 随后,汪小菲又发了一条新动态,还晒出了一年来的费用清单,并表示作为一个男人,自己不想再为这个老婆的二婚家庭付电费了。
---
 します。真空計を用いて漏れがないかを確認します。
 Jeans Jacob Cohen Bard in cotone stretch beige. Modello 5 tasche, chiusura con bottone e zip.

■ Exercise ■
Please return the lines above that run from the line containing "します。真空計を用いて漏れがないかを確認します。" to the line containing "Jeans Jacob Cohen", inclusive, exactly and with no other lines.

■ Response area ■
 します。真空計を用いて漏れがないかを確認します。
 Jeans Jacob Cohen Bard in cotone stretch beige. Modello 5 tasche, chiusura con bottone e zip.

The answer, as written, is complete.